Validation of an automated ASPECTS method on non-contrast computed tomography scans of acute ischemic stroke patients


Kuang H., Qiu W., Najm M., Dowlatshahi D., Mikulik R., Poppe A. Y., ...More

INTERNATIONAL JOURNAL OF STROKE, vol.15, no.5, pp.528-534, 2020 (SCI-Expanded) identifier identifier identifier

  • Publication Type: Article / Article
  • Volume: 15 Issue: 5
  • Publication Date: 2020
  • Doi Number: 10.1177/1747493019895702
  • Journal Name: INTERNATIONAL JOURNAL OF STROKE
  • Journal Indexes: Science Citation Index Expanded (SCI-EXPANDED), Scopus, Academic Search Premier, EMBASE, MEDLINE
  • Page Numbers: pp.528-534
  • Bezmialem Vakıf University Affiliated: Yes

Abstract

Background The Alberta Stroke Program Early CT Score (ASPECTS) is a systematic method of assessing the extent of early ischemic change on non-contrast computed tomography in patients with acute ischemic stroke.

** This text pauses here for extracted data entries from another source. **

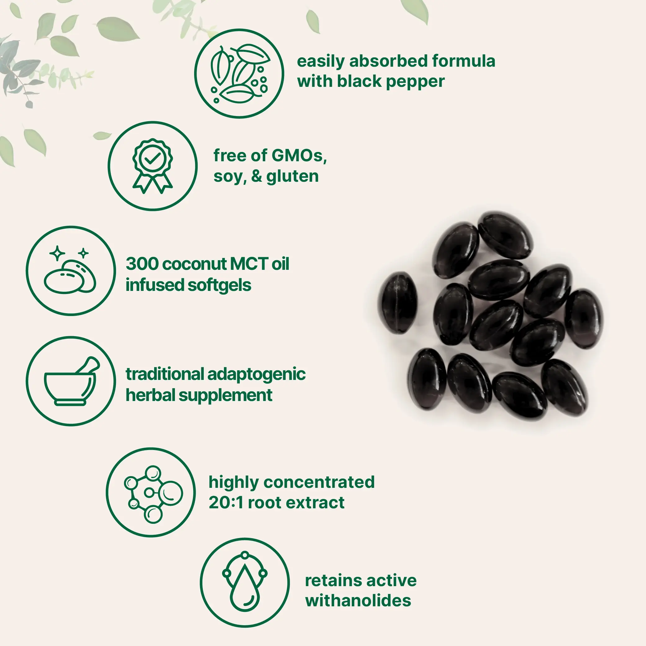 • Each pouch contains 300 softgels with 150 servings. Delivers a 6,000mg serving of Ashwagandha as Withania Somnifera combined with Black Pepper and Coconut MCT Oil.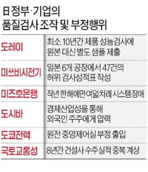 일본 기업과 제품에 대한 신뢰를 무너뜨리는 품질검사 조작과 경영활동의 부정행위는 일본 경제계 전반에서 잇따르고 있다. 미쓰비시전기는 지난해 일본 6개 공장에서 총 47건의 허위 검사 성적표를 작성한 사실이 발각됐다.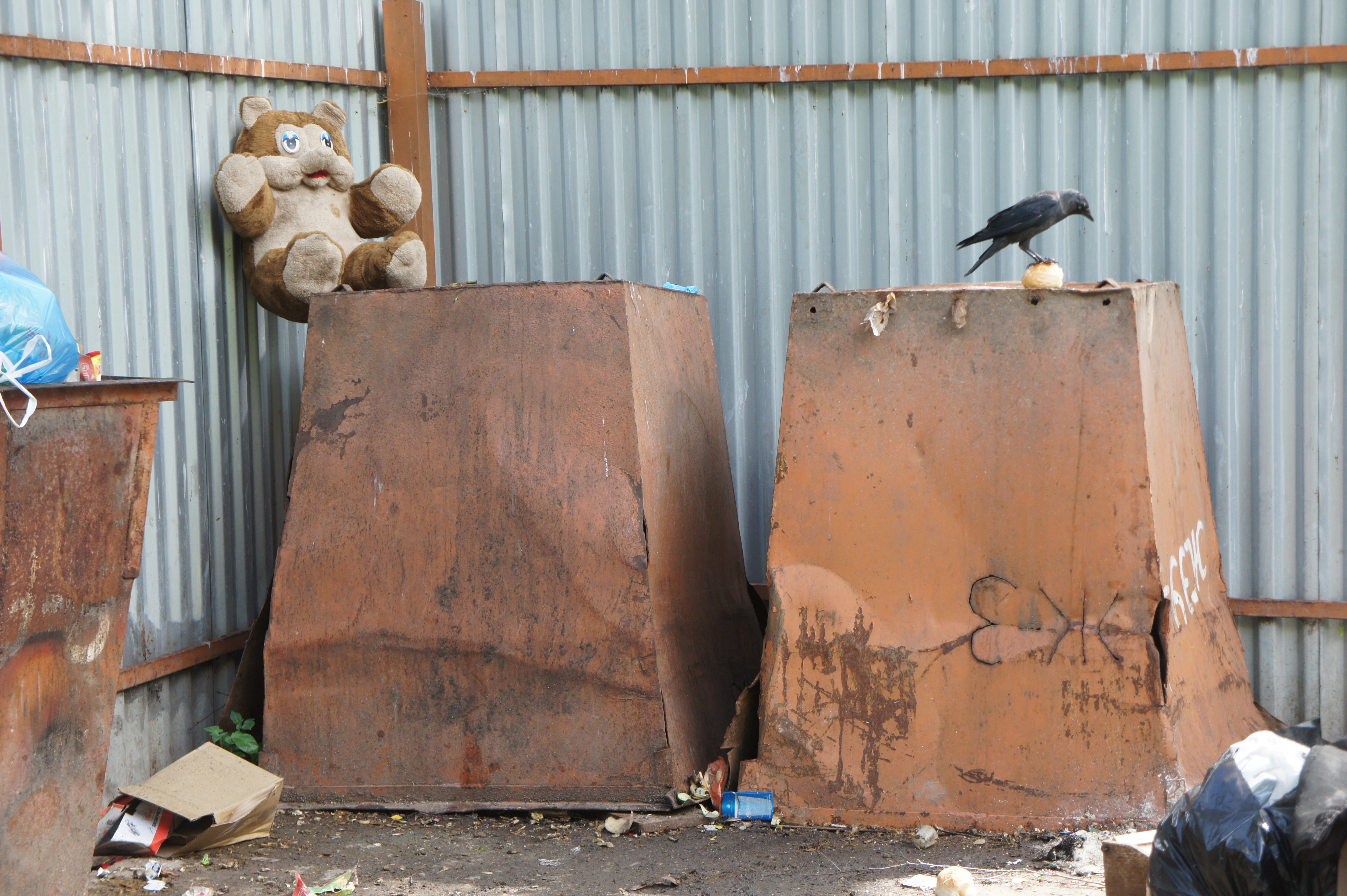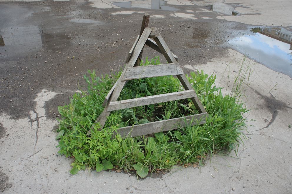 Так один из отсутствующих люков зарос травой и сорняками и стал своеобразной клумбой. Другой люк придавлен спинкой от кресла и автомобильной шиной.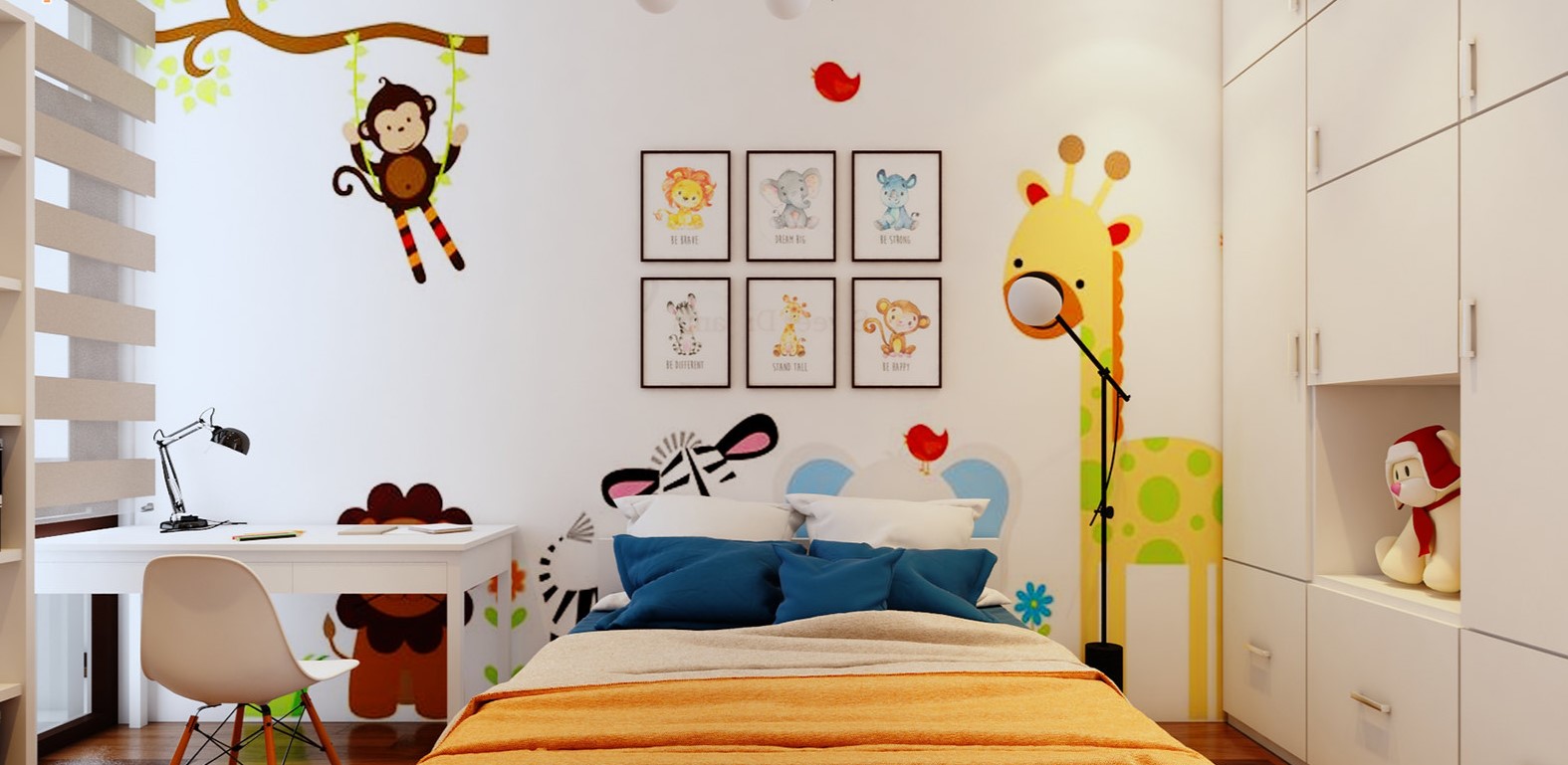 Стены в детской легко украсить постерами или наклейками-стикерами. Можно выбрать стикеры-животные, растения и создать с их помощью волшебный сад. А можно — фантазийные сценарии с героями мультфильмов.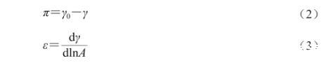 通过CCD相机高速采集油滴轮廓信息,通过Laplace方程计算得到界面张力,通过监测油滴表面积发生变化时界面张力的变化值,计算得到界面弹性模量,按公式(2)、(3)计算: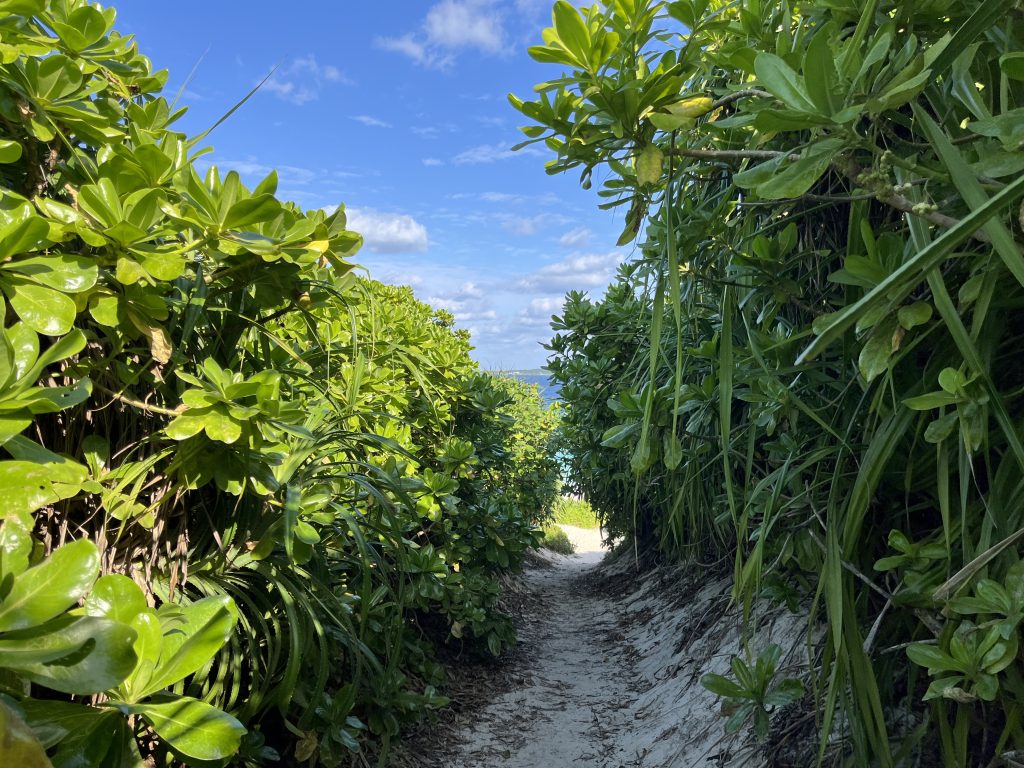 緑を抜けてビーチへ出る、この瞬間の景色が大好きです。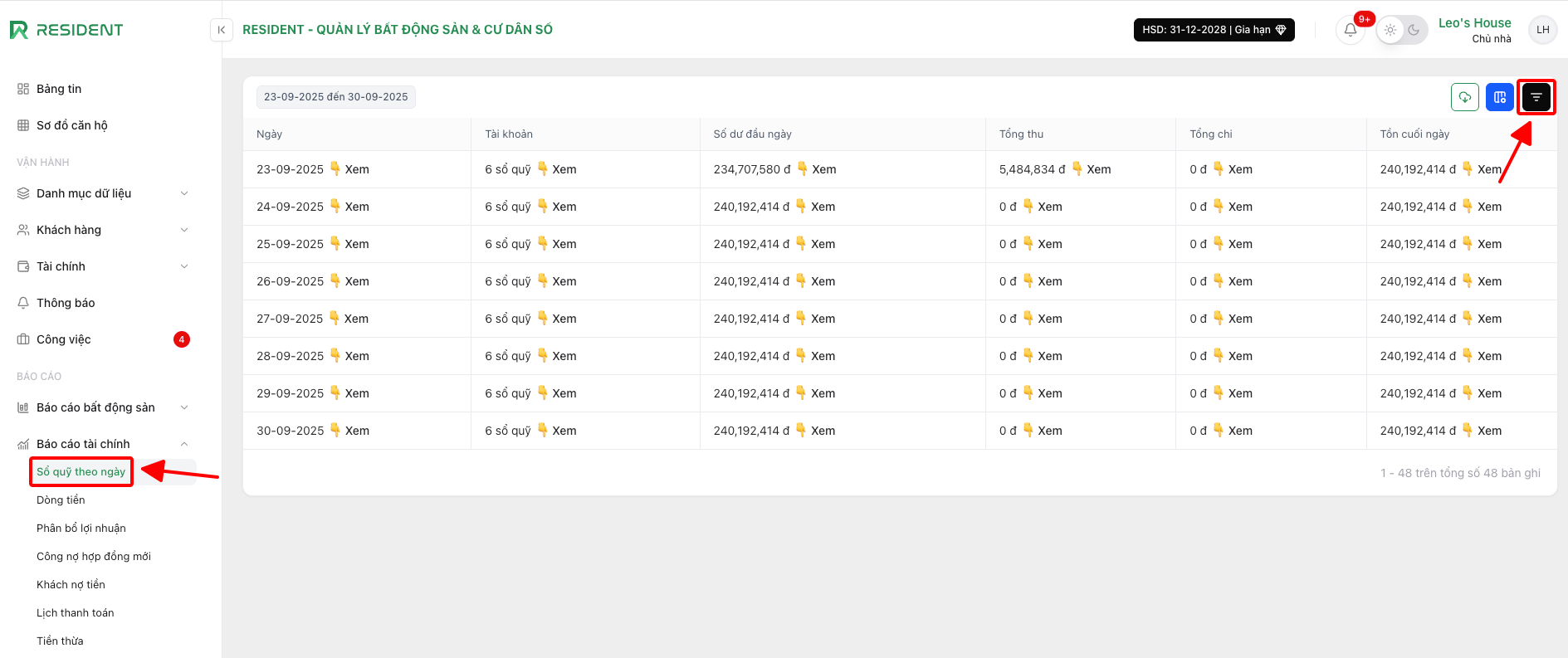 Màn hình **Sổ quỹ theo ngày** cho phép theo dõi chi tiết tình hình thu – chi và số dư quỹ của từng tài khoản (tiền mặt, ngân hàng, ví,…) theo từng ngày. Đây là công cụ quan trọng để chủ nhà quản lý dòng tiền hằng ngày một cách minh bạch, chính xác.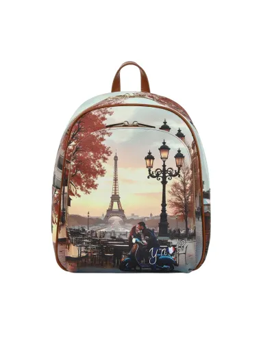 YNot Yes Bag women's backpack with zip, printed waterproof fabric and adjustable straps, kisses from Paris
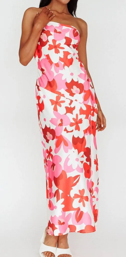 Floral red midi dress Same design as hello Molly EXPRESS IT ALL STRAPLESS SATIN MAXI DRESS WHITE Lined Strapless Front split Cowl back Lace-up back You will be a true showstopper in our gorgeous Latisha midi dress. We are head over heels for its strappy, cowl back! Perfect for a Summer wedding or girls' night out! Team it with white mules and a baguette bag to complete the look.
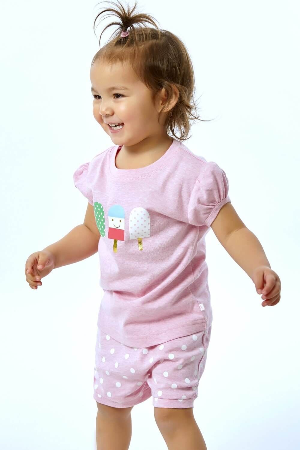 The soft blush pink short sleeve top features a charming icy pole print that captures the fun of summer, while the matching pink shorts with playful polka dots add a cheerful contrast. The relaxed fit allows for unrestricted movement, making this set ideal for active little sleepers and cosy bedtime routines alike.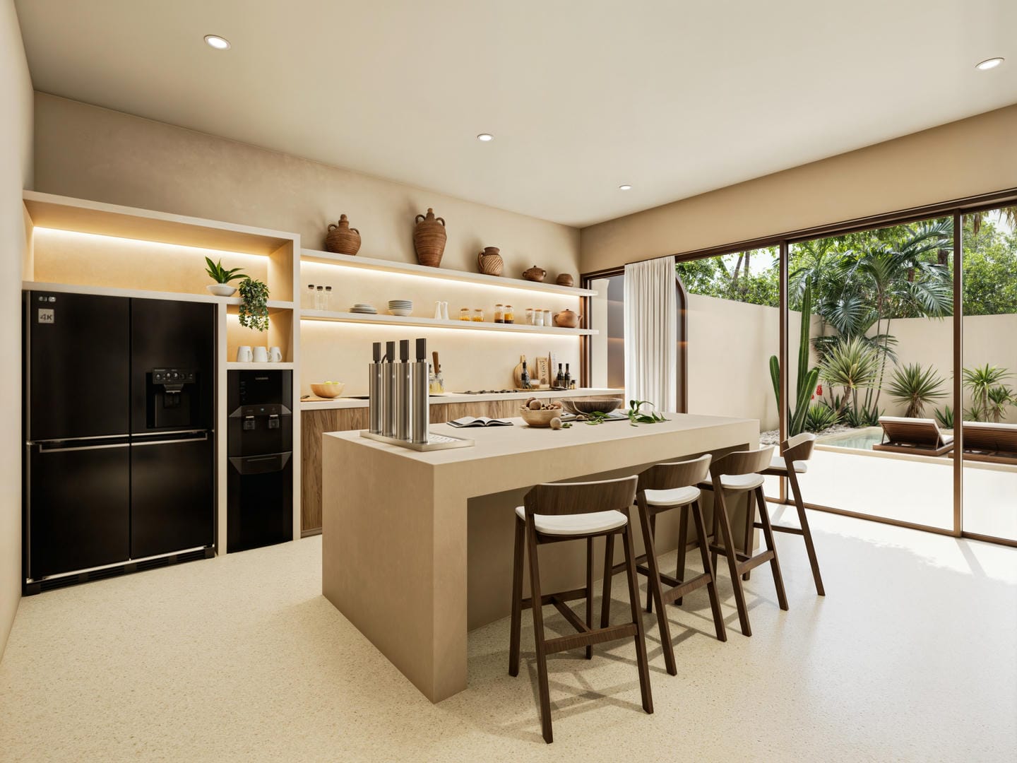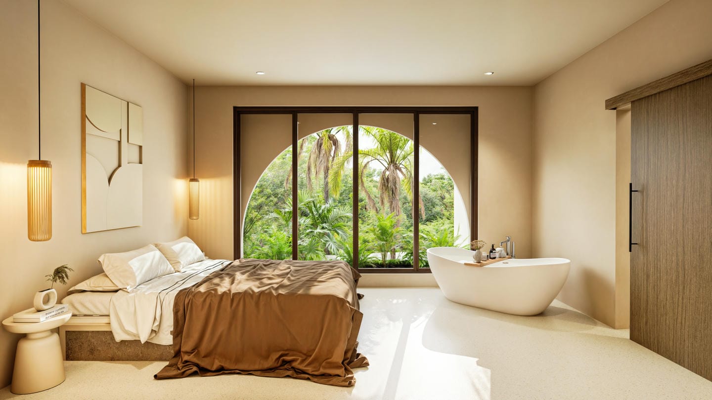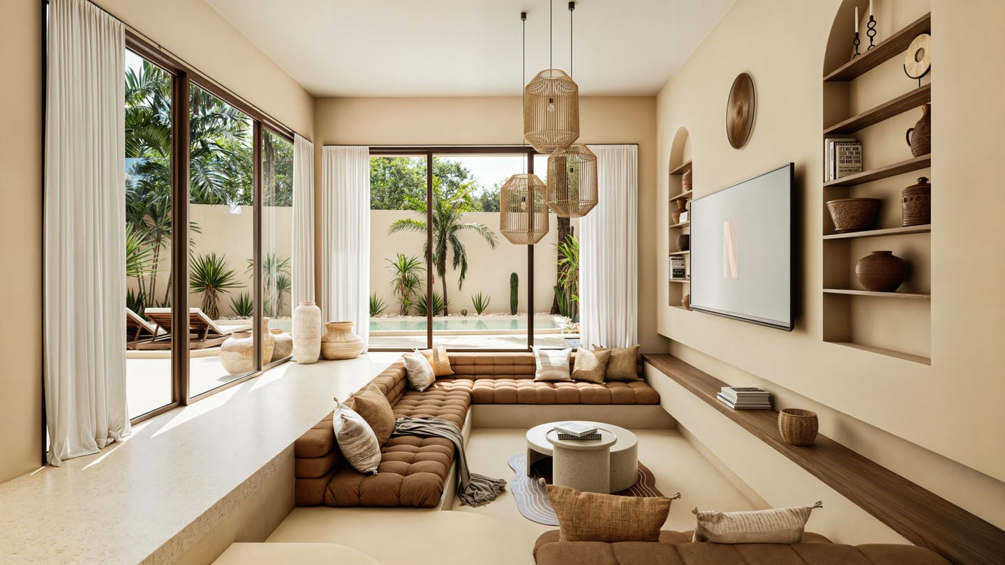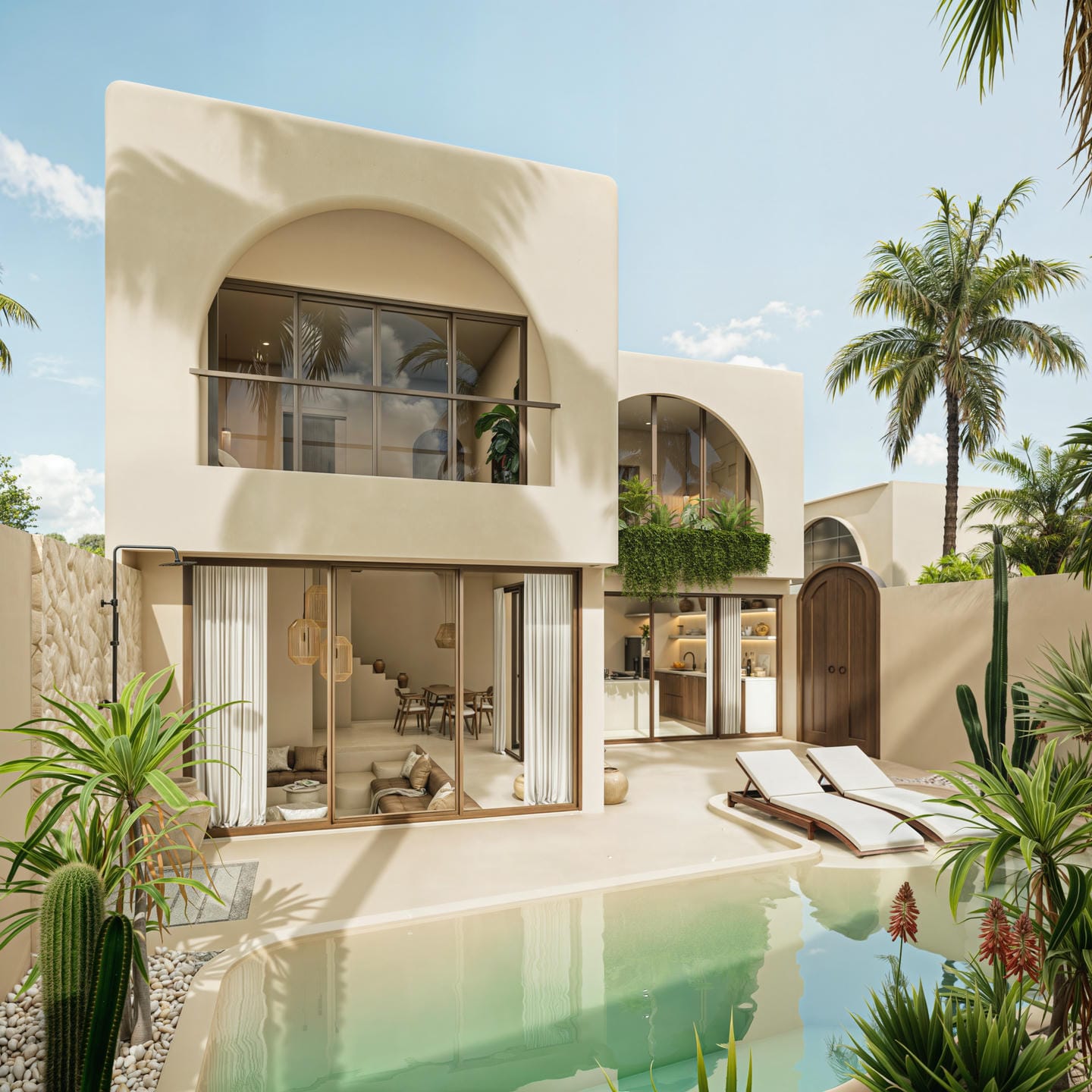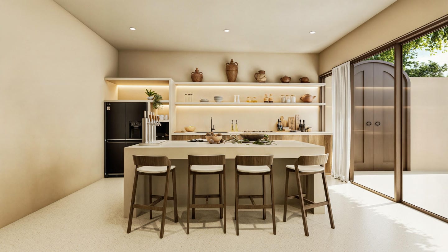 Cette villa tropicale moderne est conçue avec des tons naturels doux et une atmosphère chaleureuse et accueillante. L’espace de vie fermé s’ouvre sur une cuisine contemporaine et un coin salle à manger, sublimés par des finitions en bois chaleureux et des détails minimalistes épurés. La villa comprend deux chambres, deux salles de bains ainsi que des toilettes invités, offrant un confort idéal pour la vie quotidienne.

Our objective was to validate an automated ASPECTS scoring method we recently developed on a large data set. Materials and methods We retrospectively collected 602 acute ischemic stroke patients' non-contrast computed tomography scans. Expert ASPECTS readings on non-contrast computed tomography were compared to automated ASPECTS. Statistical analyses on the total ASPECTS, region level ASPECTS, and dichotomized ASPECTS (<= 4 vs. >4) score were conducted. Results In total, 602 scans were evaluated and 6020 (602 x 10) ASPECTS regions were scored. Median time from stroke onset to computed tomography was 114 min (interquartile range: 73-183 min). Total ASPECTS for the 602 patients generated by the automated method agreed well with expert readings (intraclass correlation coefficient): 0.65 (95% confidence interval (CI): 0.60-0.69). Region level analysis showed that the automated method yielded accuracy of 81.25%, sensitivity of 61.13% (95% CI: 58.4%-63.8%), specificity of 86.56% (95% CI: 85.6%-87.5%), and area under curve of 0.74 (95% CI: 0.73-0.75). For dichotomized ASPECTS (<= 4 vs. >4), the automated method demonstrated sensitivity 97.21% (95% CI: 95.4%-98.4%), specificity 57.81% (95% CI: 44.8%-70.1%), accuracy 93.02%, and area under the curve of 0.78 (95% CI: 0.74-0.81). For each individual region (M1-6, lentiform, insula, and caudate), the automated method demonstrated acceptable performance. Conclusion The automated system we developed approached the stroke expert in performance when scoring ASPECTS on non-contrast computed tomography scans of acute ischemic stroke patients.